A child's death: Who, what, when, where but most of all why
In 2017, a special grand jury in Suffolk County recommended changes to improve oversight of child foster care.
The report came after a Ridge man was arrested and charged with multiple counts of abusing foster kids who lived in his home.
After a trial, the man, Cesar Gonzales-Mugaburu, was acquitted of all charges.
Still, the 83-page special grand jury report — which never mentioned Gonzales-Mugaburu by name — had value.
After sifting and sorting through voluminous material, spread over multiple political and geographic jurisdictions, the grand jury determined that a lack of coordination between child welfare agencies in Suffolk, New York City and the state left foster children unprotected.
The report included dozens of recommendations to improve oversight and coordination of foster care, including changes in state law.
One recommendation was that Suffolk bolster staffing in its social services department.

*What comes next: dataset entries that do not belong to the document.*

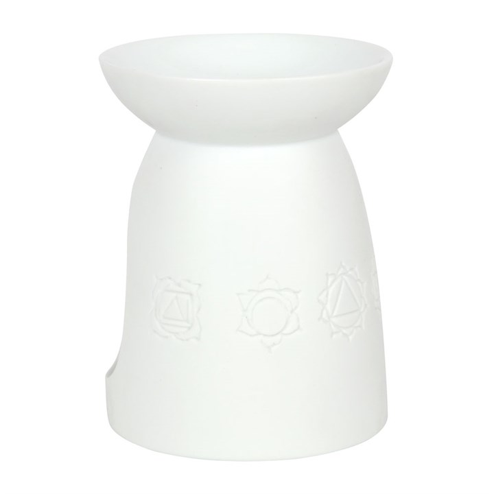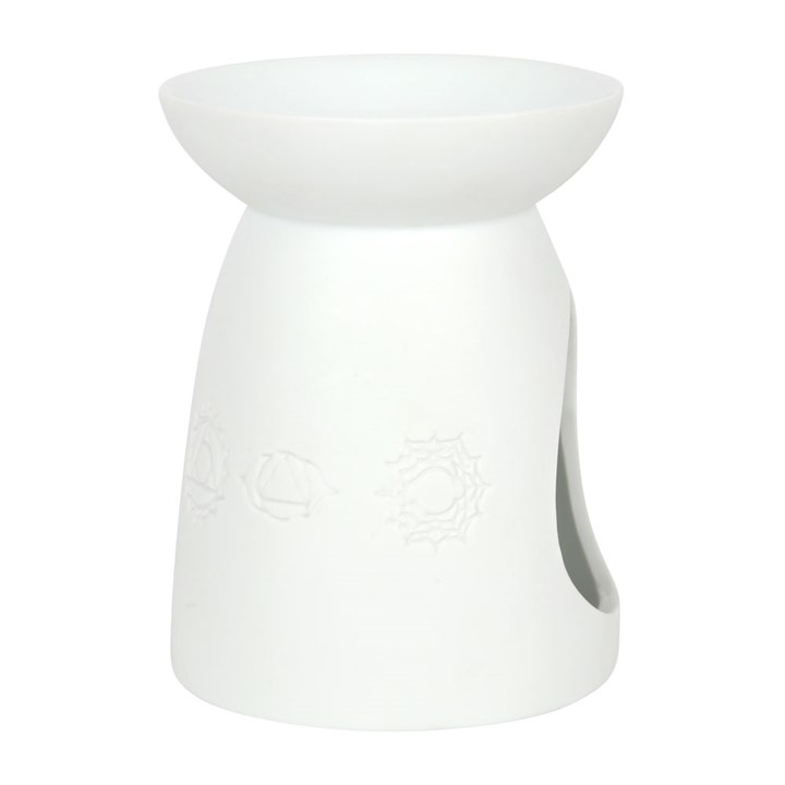 Timeless and elegant, this matte white oil burner features a subtle Seven Chakras design which is softly illuminated when a lit tealight candle is placed inside. Use with your favourite fragrance oils or wax melts to add beautiful scents to your home. Product Dimensions: H12.
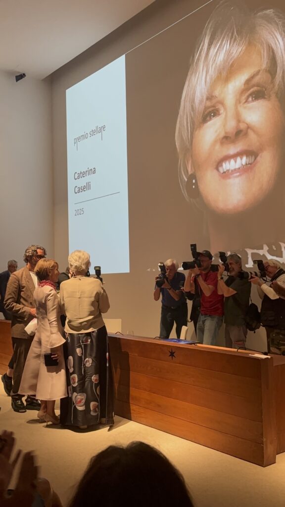 Se dovessi pensare ad una figura femminile che mi ricorda il modo di fare di Armani penso a Caterina Caselli una delle figure più importanti della musica italiana che da cantante è diventata una discografica e talent scout internazionale, avendo lanciato artisti come Andrea Bocelli, Elisa, Negramaro con la Sugar Music. Lei è definita “la signora della musica italiana” e a Torino ha ricevuto il Premio StellaRe, che non è un premio assegnato da Valeria Marini (sai che lei si firma nei messaggi sempre con Baci Stellari…) ma da una ben più autorevole Patrizia Sandretto Re Rebaudengo, fondatrice della Fondazione che porta il suo nome, una delle realtà più importanti dedicate all’arte contemporanea. Caselli ha ricevuto il premio , un’opera realizzata da Maurizio Cattelan, un anello di fidanzamento reso in una versione gigantesca in edizione unica. La prima a riceverlo fu proprio Franca Sozzani nel 2006, un riconoscimento alla sua visione. In occasione della cerimonia Simone Marchetti , European Editorial Director per il network europeo di Vanity Fair ha incalzato l’imprenditrice con una serie di domande: “Come si riconosce il talento?” le ha chiesto. “Il talento è timido – ha detto la cantante di “Nessuno mi può giudicare” – spesso è nascosto dietro una voce esitante, uno sguardo abbassato, una mano che sembra tremare, altre volte invece grida ed è impetuoso come è accaduto per Giuliano Sangiorgi dei Negramaro”.
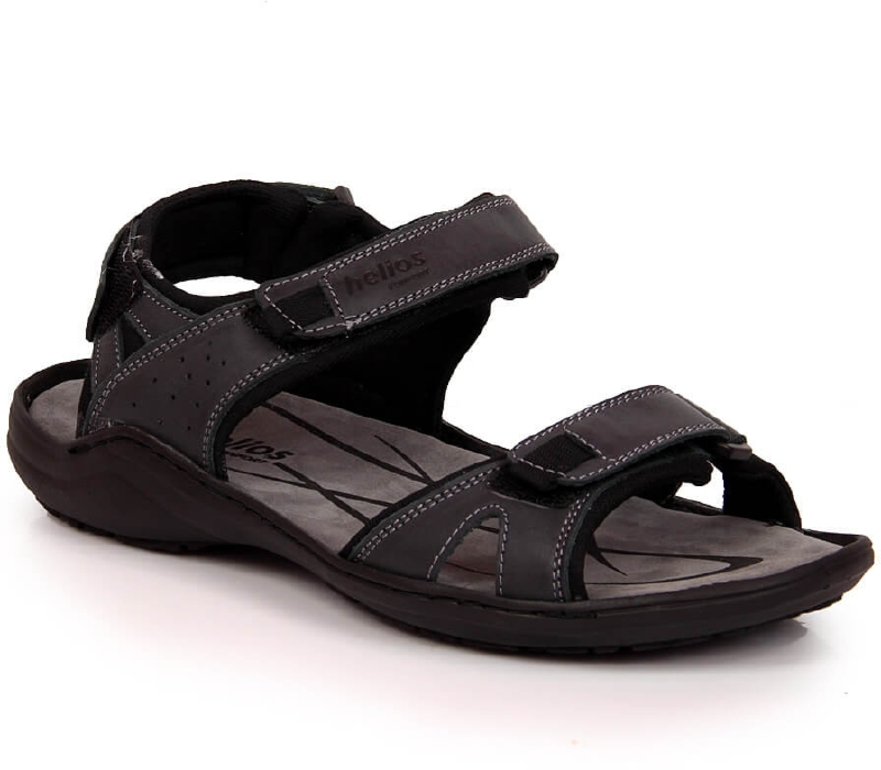 Sandały męskie skórzane na rzepy grafitowe Helios 854

“It's a bureaucratic nightmare," then-Suffolk District Attorney Thomas Spota concluded at the time. "Systemic failures left these kids totally unprotected.”
Fast forward three years.
The body of Thomas Valva, all of 8 years old, is being carried away from St. Elizabeth of Hungary Church in Melville in a white casket, with his mother, Justyna Zubko-Valva, and two brothers following behind.
"In so many ways, I feel we failed this little boy,” auxiliary Bishop Andrzej Zglejszewski, of the Diocese of Rockville Centre, tells reporters.
“The system failed or we, as religious leaders, social leaders, we failed him," said Zglejszewski, who presided over the boy's funeral. "We are the ones who are supposed to make change, to protect life.”
Valva died of hypothermia.
Authorities, following the arrest of Valva's father and the father's girlfriend, detailed abuse they allege the boy suffered, including being forced to bed down — sans bed, sheets, pillows and blankets — on the floor of an unheated garage in frigid weather.
Valva also, and with some frequency, showed up at his elementary school hungry, according to news reports.
The boy wasn't in foster care.
But multiple entities, spanning multiple agencies, bore some responsibility to protect him.
Officials at the boy's school have said that they report any suspected instances of abuse.
And while the school district, because of privacy laws, did not mention Valva by name, the boy's mother posted letters on Facebook, that she said came from the school, in which officials expressed concern about Valva and one of his brothers.
Suffolk County Executive Steve Bellone issued a news release last week saying the county would review how social services handled the Valva case — and pull together a task force to review protection policies relating to children, such as Valva, who have autism or other developmental disabilities.
A day or so later, Bellone's office released several quarterly reports sent to the county Legislature by the Department of Social Services.
A Newsday report, however, would show that caseworkers in the child protection services division bear a heavy workload.
Then there's the judicial system.
According to news reports, a judge in 2018, among other things, issued orders of protection for the boy's parents to "refrain from harmful behaviors towards the children." The question of who should have custody of Valva during his parent's contentious divorce also was decided by a judge.
So many agencies, so many layers, so many ongoing probes, including those of agencies investigating themselves.
First came shock; then came anger.
Just as in 2017, it may take appointment of a special grand jury to tie it all together — to do the sifting, sorting, deliberating and, most important, the airing of what went so wrong, and why.
And that would be just the start.
Because no one wants, three years down the line, to again be where we are — with some other child.